— Work task —
Reproduce only the lines below from the line containing "a white background" to the line containing "Ad accogliere il", exactly as written, with both end lines kept. Omit the pictures.

[Source records]

---+---

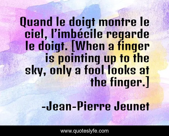 "Jean-Pierre Jeunet Quotes." Quoteslyfe.com, 2025. Fri. 05 Dec. 2025. <https://www.quoteslyfe.com/quote/Quand-le-doigt-montre-le-ciel-l-153985>.
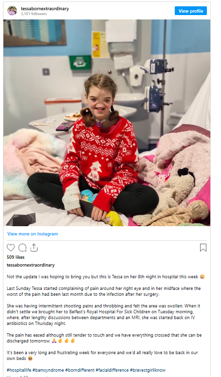 “It was an incredibly difficult decision for all of us, we love Tessa so much and thought she was completely beautiful the way she was,” Grainne said. “We ultimately decided to go ahead as it was a chance to gradually change her appearance over the years and to normalise her profile without ever cutting her face.”
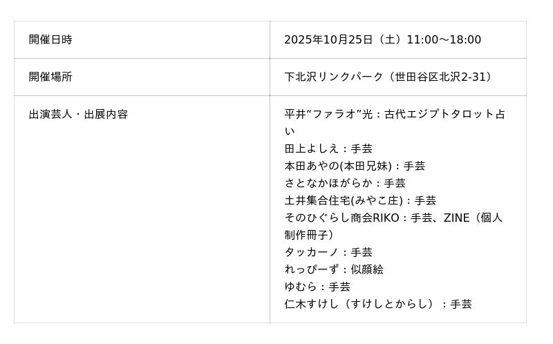 それぞれのブースにて占いを実施したり、絵画などのアート作品を出展したりします。気に入っていただけた作品を購入することもできます。芸人以外の新たな一面も見られる機会を、ぜひお見逃しなく。
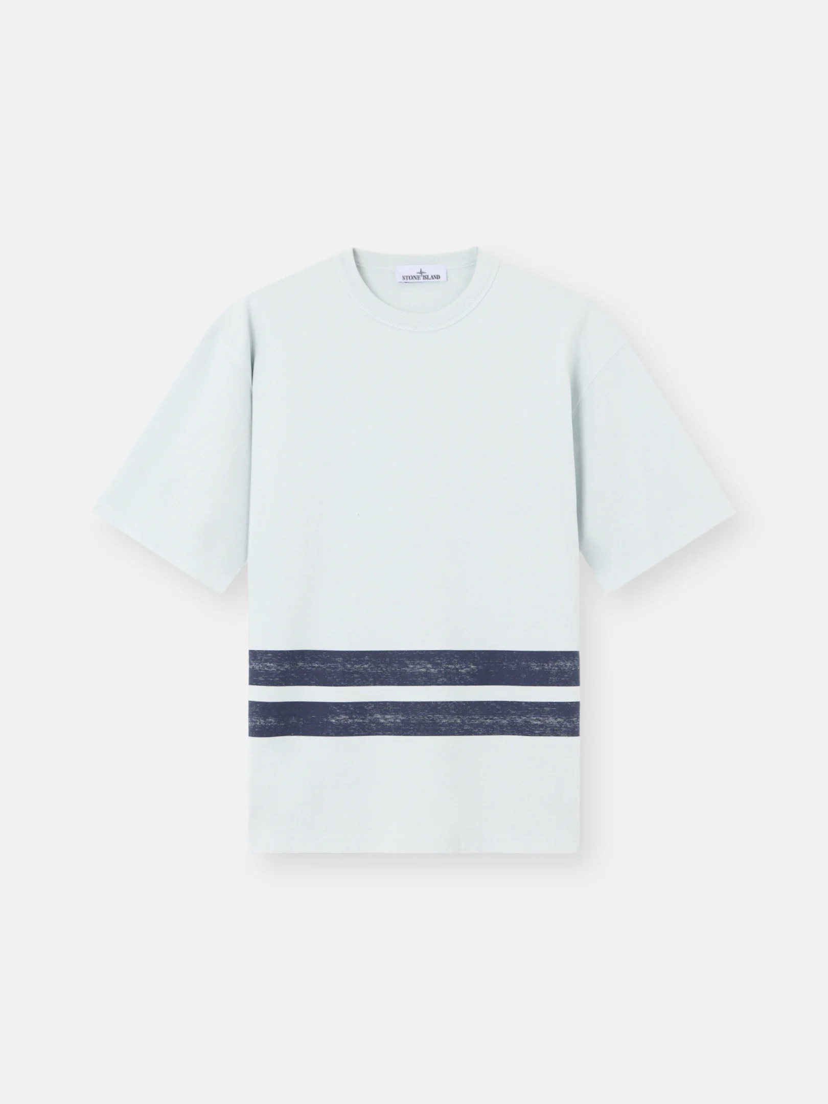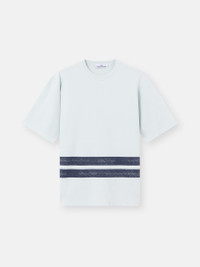 Short-sleeve T-shirt in combed organic cotton jersey featuring two printed bands at the waist and Stone Island Marina lettering on the back. Garment dyed. FABRIC RESEARCH AND TREATMENT Short-sleeve T-shirt in combed organic cotton jersey. Garment dyed. STYLE AND FIT Ribbed neckline. Two large printed bands around lower waist; in back, top band features print of Stone Island Marina lettering. Oversized fit. COMPOSITION AND CARE Garment: 100% Cotton. Ribbing: 94% Cotton 6% Elastane / Spandex
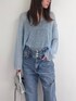 ふわっとした糸🧵のゆるニットがかわいい🩵 デニムと合わせてワントーンコーデにしてみました🫶🏼
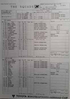 The official 1998 Toyota Cup Final programme has 92 x colour A4 pages (with 26 pages of adverts). Apart from the introductions, the programme is all in Japanese. The programme begins with introductions from FIFA, UEFA, CONMEBOL, the JFA and TOYOTA. The programme then has a page to enter the line-ups together with a small feature on match referee Maria Sanchez Yanten from Chile. The programme gives full details and photos of Real Madrid and Vasco de Gama and their players along with further information and full page photos of star players including Roberto Carlos and Davor Suker of Real Madrid and Luizao and Donizete of Vasco de Gama amongst others. The programme also has articles on rival managers Guus Hiddink of Real Madrid and Antonio Lopes of Vasco de Gama and an article on the teams home cities of Madrid and Rio de Janeiro. The programme includes details and photos from the previous eighteen Toyota Cup Finals and an article on previous Intercontinental Cup Finals. The programme details how Real Madrid and Vasco de Gama won the 1998 UEFA Champions League and 1998 Copa Libertadores respectively and finishes with an article on World Football.
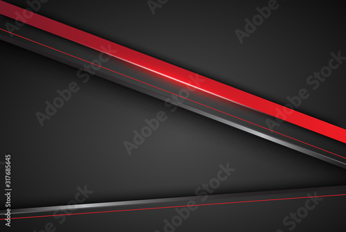 High contrast dark grey and red stripes with shadows and lights on gradient background. Abstract grunge tech graphic banner design. Vector Illustration EPS10
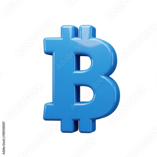© PP Creative, Obraz premium A 3D illustration of a large blue Bitcoin symbol isolated on a white background
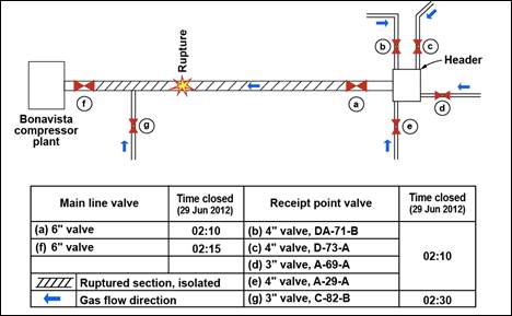 • À 2h15, la vanne de canalisation principale du gazoduc de Bonavista à l'extrémité aval de la conduite à proximité des installations de compression a été fermée par les employés de Bonavista (voir le point (f) de la figure 5).
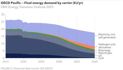 OECD Pacific is a highly industrialized region with a very high standard of living and GDP per capita. The region is geographically disconnected as none of the countries in this region share common borders or connected power grids. Electricity demand will rise despite a declining population, as fossil fuel dependency wanes in a shift towards renewable energy and increased share of nuclear power.
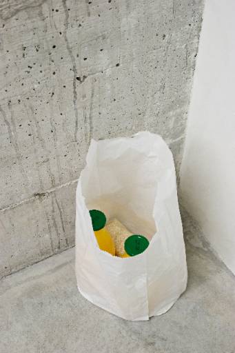 Ad accogliere il visitatore, un lavoro impalpabile, quasi assente: un sacchetto di carta con all’interno un pacco di riso e bottiglie di succo di frutta. Un vero e proprio totem della quotidianità, il cui senso è il più semplice e universale possibile: prodotti di diffusione planetaria che diventano simbolo di una globalità quasi impossibile da trovare a livello culturale. È la seconda proposta, però, a colpire maggiormente. In bilico fra installazione minimalista e objet trouvé, metaforicamente collocata nell’unico punto della galleria pienamente rischiarato dalla luce naturale, si trova tutto il sistema d’illuminazione dello spazio, smontato dalla sua destinazione d’uso e ricollocato in chiave estetica; lasciando in penombra la galleria ed esibendo, ancora una volta, oggetti d’uso comune.
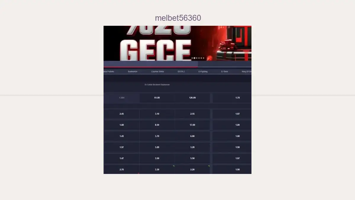Melbet56360 bahis; Türkiye'de yasal olarak faaliyet göstermeyen bir platform olduğundan giriş adresi aralıklarla engellenmektedir. Melbet56360 ve benzeri sitelerde bahis yapanlar bu duruma muhtemelen uzun süredir alışmışlardır. Melbet56360 sitesinin giriş adresi, her erişim engelinden sonra yenilenerek kullanıcıların sorunsuz giriş yapması amacıyla yeni bir giriş adresinden faaliyetlerini devam ettirmektedir. Kapanma problemi bazen çok kısa sürelerde gerçekleşebilirken bazen de bir kaç günü bulmaktadır.
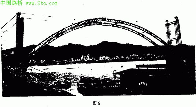 将液压提升技术成功地应用于广西梧州桂江三桥钢管拱助竖直转体施工(图6),提供了一种新型的施工设备、技术。施工实践证明,这是一项高效低成本的施工方法。我们将继续与广大工程界一道为推广应用这项新技术、新方法、推动桥梁施工技术的发展作出我们应有的贡献。
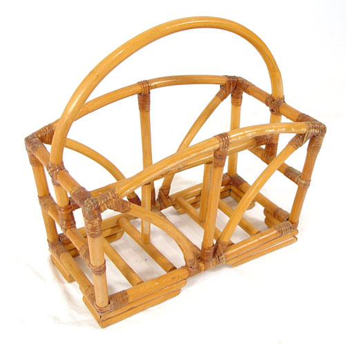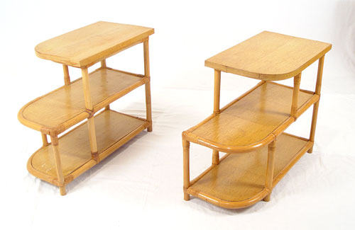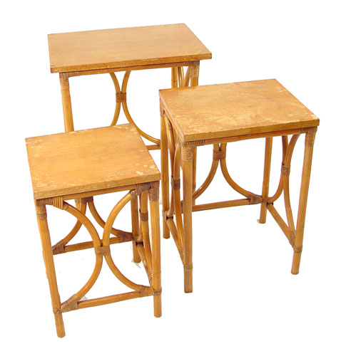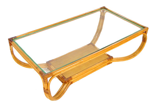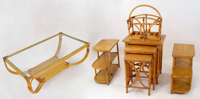 7 PC GROUP OF FRANKL STYLE RATTAN SIDE TABLES: Glass top coffee table measures 16 1/4'' high x 48'' long x 26'' deep. 2 side tables measure 20'' high x 25'' x 12''. 3 stacking tables, largest table measures 26'' high x 22'' wide x 16'' deep, note veneer chips. Magazine rack measures 18'' high x 18 1/2'' wide x 10 1/4'' deep.
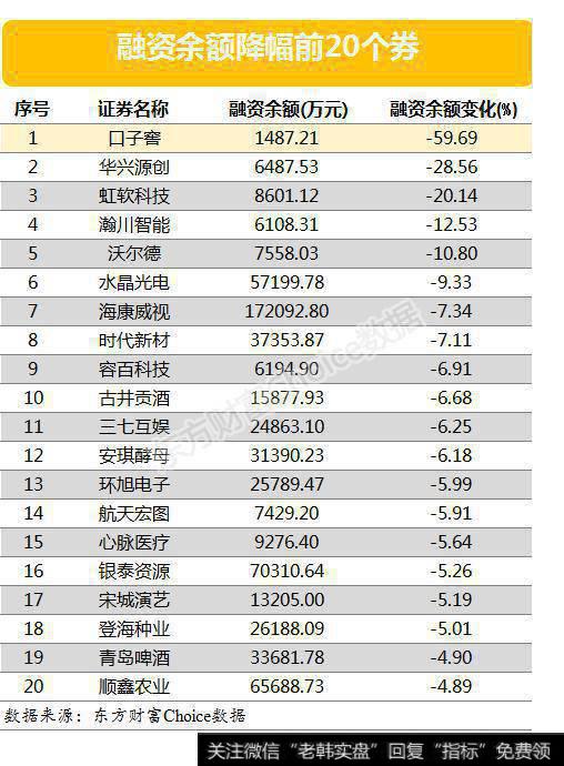 与之形成对比的是,当日有545股融资余额出现下降。其中,融资余额降幅超过3%的有35只。口子窖的融资余额降幅最大,最新融资余额1487.21万元,与前一个交易日相比,融资余额下降了59.9%。另外,融资余额降幅较大的个股还有华兴源创、虹软科技等,融资余额分别下降了28.56%、20.14%。
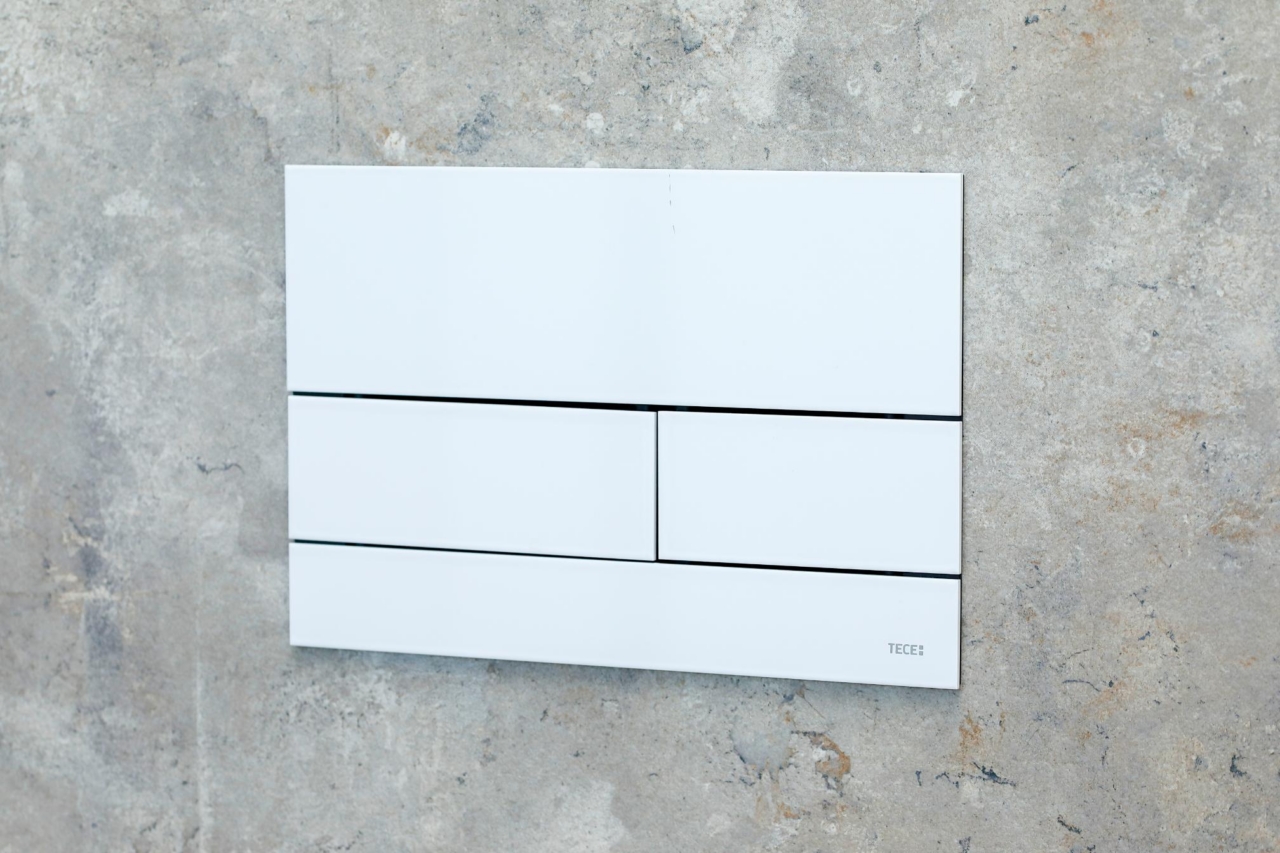 Kui nüüd jõudsime vannitoas valikuga wc potini ja oleme otsustanud, et see läheb raami otsa seina taha siis meie kasutame väga tihti ja valdavalt TECE raame. Miks? Meile väga meeldib see, et me võime kliendile selle raami ära müüa ja kogu tegevus, kogu disain võib olla veel täiesti lahtine ja poolik, ehitaja saab ehituslikult edasi liikuda ja meie võime loputusplaadi valikuga tulla ja tegeleda alles siis, kui juba ollakse valmis otsuseid tegema segistite osas, plaatide osas- siis kui hakkab disain joonistuma välja, sest TECE raami juures on tore eelis, et ühe raami otsa lähevad tema kõik nupud. Kõik loputusplaadid, mis siis TECE on välja pannud, kõik nad sobituvad ühe-sama raamiga. See teeb siis nii arhitekti kui kliendi elu lihtsaks. Ei ole vaja kiirustada.

---+---

— Completed exercise —
© PP Creative, Obraz premium A 3D illustration of a large blue Bitcoin symbol isolated on a white background
 • À 2h15, la vanne de canalisation principale du gazoduc de Bonavista à l'extrémité aval de la conduite à proximité des installations de compression a été fermée par les employés de Bonavista (voir le point (f) de la figure 5).
 OECD Pacific is a highly industrialized region with a very high standard of living and GDP per capita. The region is geographically disconnected as none of the countries in this region share common borders or connected power grids. Electricity demand will rise despite a declining population, as fossil fuel dependency wanes in a shift towards renewable energy and increased share of nuclear power.
 Ad accogliere il visitatore, un lavoro impalpabile, quasi assente: un sacchetto di carta con all’interno un pacco di riso e bottiglie di succo di frutta. Un vero e proprio totem della quotidianità, il cui senso è il più semplice e universale possibile: prodotti di diffusione planetaria che diventano simbolo di una globalità quasi impossibile da trovare a livello culturale. È la seconda proposta, però, a colpire maggiormente. In bilico fra installazione minimalista e objet trouvé, metaforicamente collocata nell’unico punto della galleria pienamente rischiarato dalla luce naturale, si trova tutto il sistema d’illuminazione dello spazio, smontato dalla sua destinazione d’uso e ricollocato in chiave estetica; lasciando in penombra la galleria ed esibendo, ancora una volta, oggetti d’uso comune.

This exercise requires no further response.